Deutsche Boerse delivered a sharp rise in net profit in the first quarter and said it would buy back shares as it sought to appease disgruntled investors after its failed merger attempt with London Stock Exchange Group.
The German exchange operator was forced to ditch a planned merger with LSE last month.
It also reaffirmed its outlook of "double-digit earnings growth" for the full year, despite merger costs that totalled €76.2m.
It said today that net profit rose 39.5% to €286m in the first quarter from a year earlier, lifted by the sale of a stake in BATS Global Markets.
"Thanks to our diversified business model and effective cost management we were able to compensate low equity market volatility in the first quarter and report solid earnings growth," the company's chief financial officer Gregor Pottmeyer said.
Pottmeyer said in a statement that Deutsche Boerse was "very well positioned" to benefit from improving cyclical conditions.
The results come a month after European Union regulators blocked a planned merger with LSE due to concerns over a potential monopoly in the processing of bond trades.
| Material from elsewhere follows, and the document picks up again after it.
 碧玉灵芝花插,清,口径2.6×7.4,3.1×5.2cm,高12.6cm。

The industry has been trying to consolidate for years amid weaker trading volumes and shrinking margins, but regulatory concerns, along with nationalist wrangling, have hindered many cross-border deals.
In the wake of the failed merger, Deutsche Boerse has been coming under increased pressure from shareholders, with influential proxy adviser Glass Lewis recommending they vote against ratifying the actions of the management and supervisory board at its 2017 annual general meeting.
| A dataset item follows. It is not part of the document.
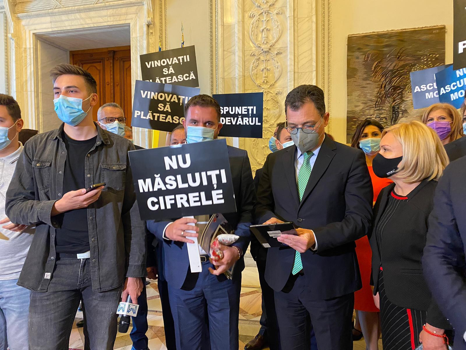Senatorii și deputații PSD au organizat un protest, marți, pe holurile Parlamentului, ...
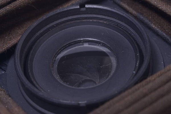 The lens element is in very good condition. No cleaning marks, no scratches, no haze, no fungus, no separation. Shows no dust particles inside. Aperture blades show some wear and are clean. Aperture open and close perfectly and smooth. Bellows and lens unit move smooth on the rail. Bellows are light leak free. Film winds on smooth. Comes with 618 take up spool.

German companies typically ask their shareholders to approve the actions of their boards over the previous years at the annual shareholder meetings.
Glass Lewis said that shareholders may have concerns over the failed merger with the LSE and a pending investigation into CEO Carsten Kengeter over possible insider trading. Kengeter has denied the allegations.
Deutsche Boerse said it planned to buy back shares totalling around €200m in the second half of this year which it would fund from the proceeds generated from its 2016 sale of International Securities Exchange to Nasdaq for about €1 billion.
Those funds were initially earmarked for the merger with LSE, which last month announced its own €200m share buyback.